L’amore cerca l’unione completa, la comunione piena. Tu sei una sola cosa col Padre, hai voluto essere, nell’Eucaristia, una sola cosa con noi. La comunione tra due persone è proporzionale al loro amore: il tuo amore trascende ogni misura umana, perciò la comunione che desideri realizzare con noi, trascende ogni comunione umana. Nell’amore sponsale “saranno due in una sola carne”, nell’Eucaristia saremo due in un solo corpo e in un solo spirito: tu in me e io in te. Nella Comunione eucaristica tu mi unisci al tuo corpo e al tuo sangue, mi fai partecipe della tua divinità, della tua filiazione divina, e anticipi la mia comunione con te nella gloria.

Gesù mio, potremo noi comprendere questa pazzia d’amore che ti ha preso? Potremo mai misurare le altezze vertiginose del tuo prodigio, la profondità abissale del tuo dono, l’ampiezza incommensurabile della tua sete d’amore? Come potremo noi corrispondere a questa tua sete, lasciarci amare dallo stesso amore che ti unisce al Padre, ed essere anche noi una sola cosa con te? Gesù mio, come potremo seguirti su questa strada? “Ho desiderato ardentemente di mangiare questa Pasqua con voi”… Comunica anche a noi il desiderio ardente di comunione con te, di condividere la tua vita, di partecipare alla tua Pasqua ed essere anche noi uniti nell’amore, e un giorno uniti nella gloria!

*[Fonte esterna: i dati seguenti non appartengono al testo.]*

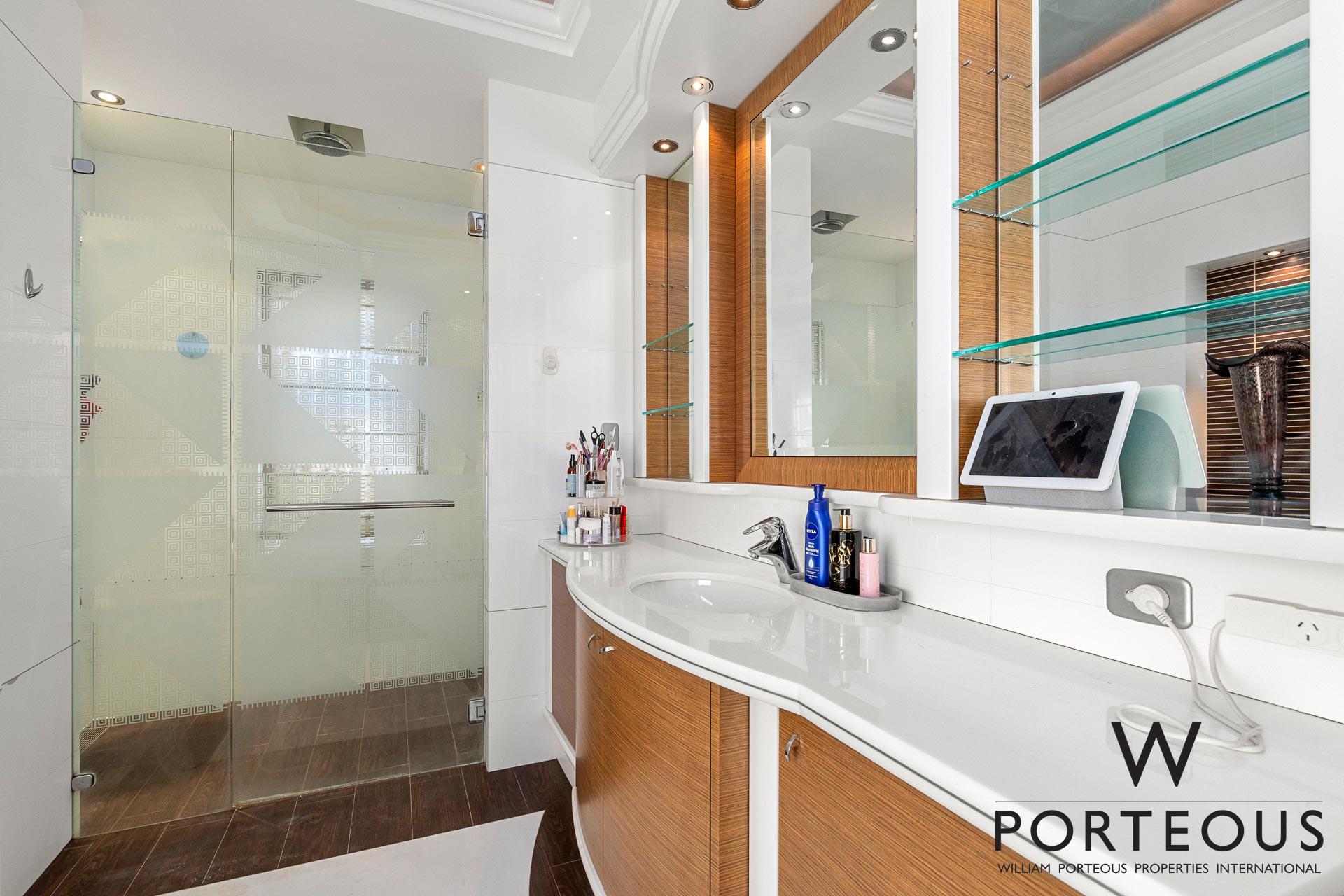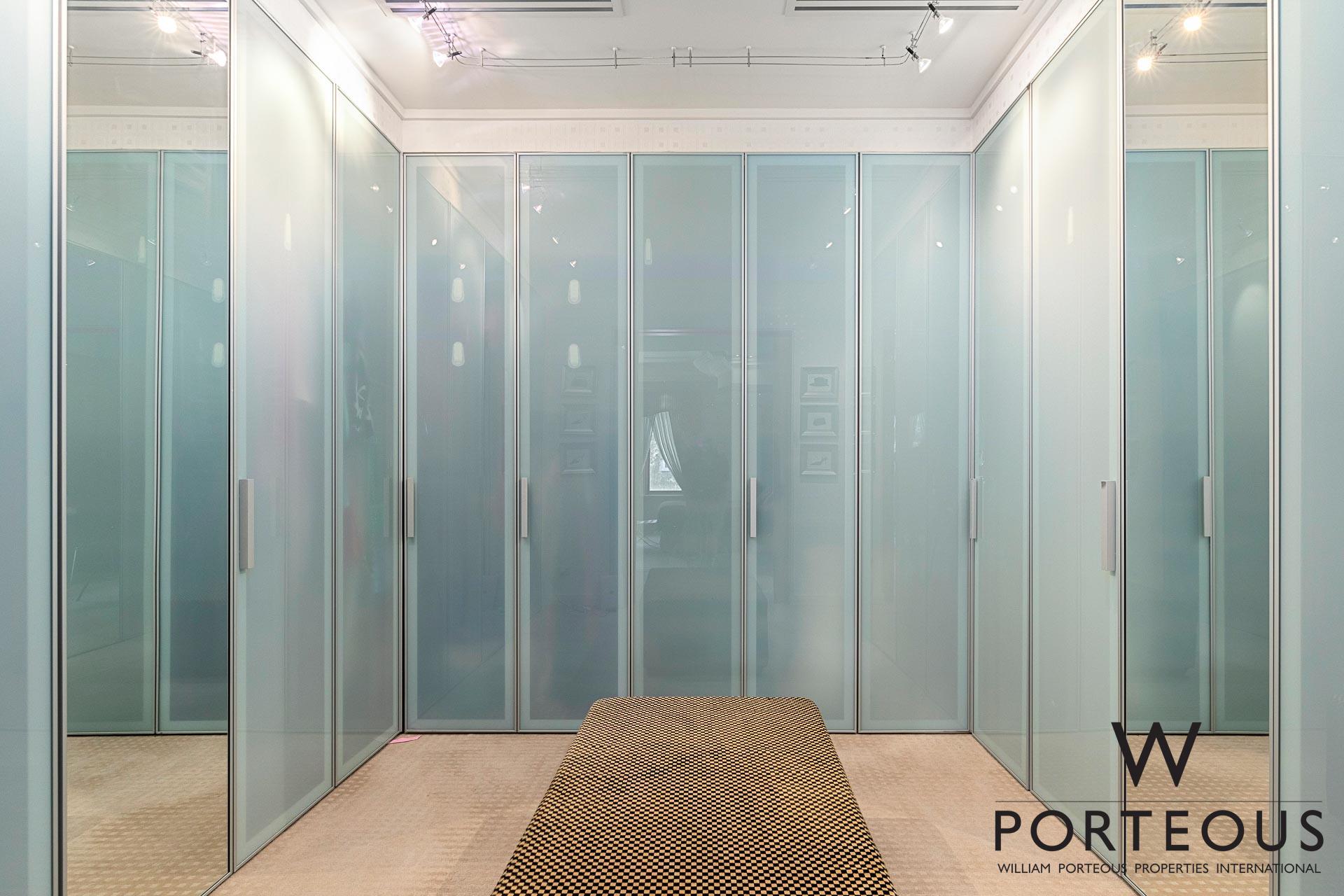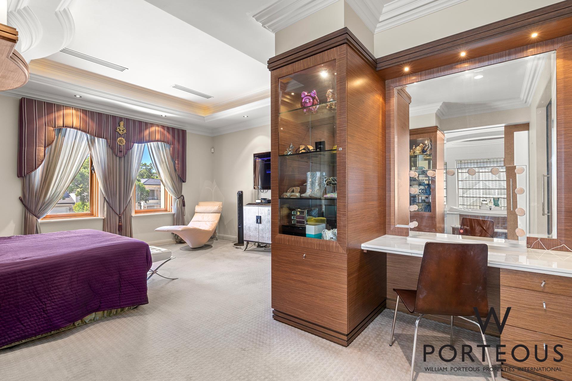 The second storey is home to the main bedroom suite, with bespoke glass fronted cabinetry, divine dressing room, makeup station, and opulent ensuite bathroom boasting twin vanities, bath, separate shower and W.C.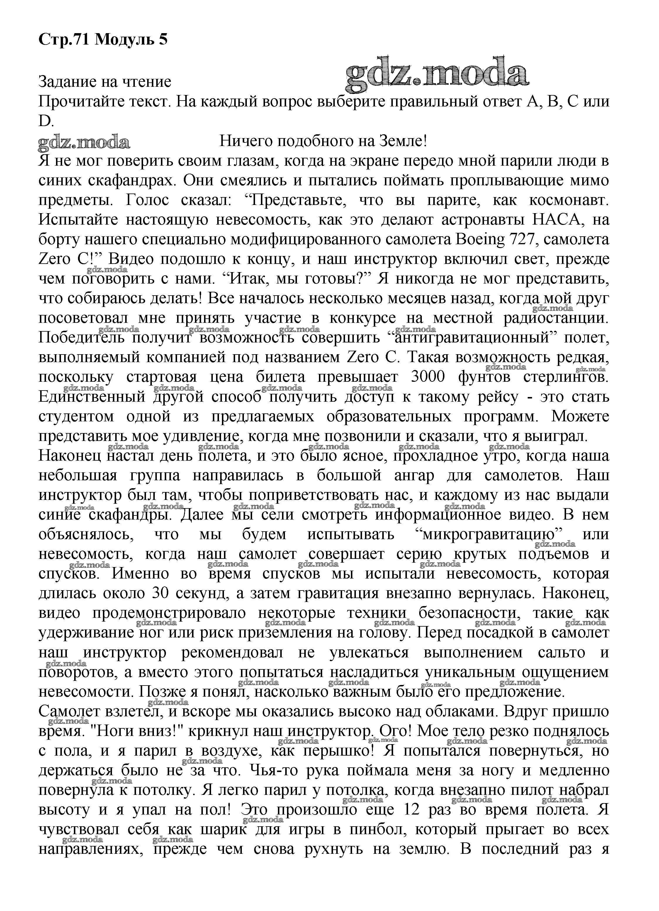 ГДЗ решение к заданию № стр.71 Английский язык 8 класс рабочая тетрадь Starlight Баранова К.М. Просвещение 2015 Углубленный уровень ФГОС бесплатно на гдз.мода!

Gesù, hai voluto che i tuoi Apostoli potessero rinnovare quello che tu hai fatto questa sera. Perciò li hai fatti partecipi del tuo sacerdozio, hai chiesto loro di rinnovare lungo i secoli il tuo gesto di amore, il gesto sacrificale che offre ad ogni uomo la possibilità di incontrarti come Redentore, e di unirsi al tuo sacrificio, al tuo corpo sacrificato e al tuo sangue versato, corpo e sangue che danno la salvezza, la vita eterna, il diritto a risorgere con te nella gloria. Ogni sacerdote diventerà un altro te stesso e, usando le tue stesse parole, potrà rinnovare su tutti gli altari della terra il miracolo di questa Cena. I tuoi Apostoli saranno il fondamento della Chiesa in quanto saranno i sacerdoti della tua Eucaristia. Dove non c’è Eucaristia, non ci sarà Chiesa. Con l’Eucaristia tu prolungherai nei secoli, in mezzo a tutti i popoli della terra, la tua presenza: presenza di salvezza, presenza di Dio che cerca, redime, cammina con le sue creature su tutti i cammini della terra, che ormai saranno per sempre i cammini del Cielo.

Gesù mio, come hai potuto pensare una cosa simile? Come hai potuto inventarti una meraviglia come questa, un miracolo così grande? Solo un amore senza limiti può fare questo, e tu ci hai amati “fino in fondo”! Solo l’onnipotenza di un Dio innamorato, “impazzito!” per la sua creatura può arrivare a tanto. Un giorno, su tutta la faccia della terra, innumerevoli tabernacoli saranno, in mezzo all’umanità, tanti “roveti ardenti” che parleranno d’amore, tante sorgenti d’Acqua viva, tante fonti di grazia e di misericordia, luoghi di pace e di riposo. Lì, innumerevoli anime assetate d’amore troveranno colui che s’è fatto “prigioniero d’amore” per non lasciare orfani quanti dall’Amore sono nati e all’Amore hanno creduto.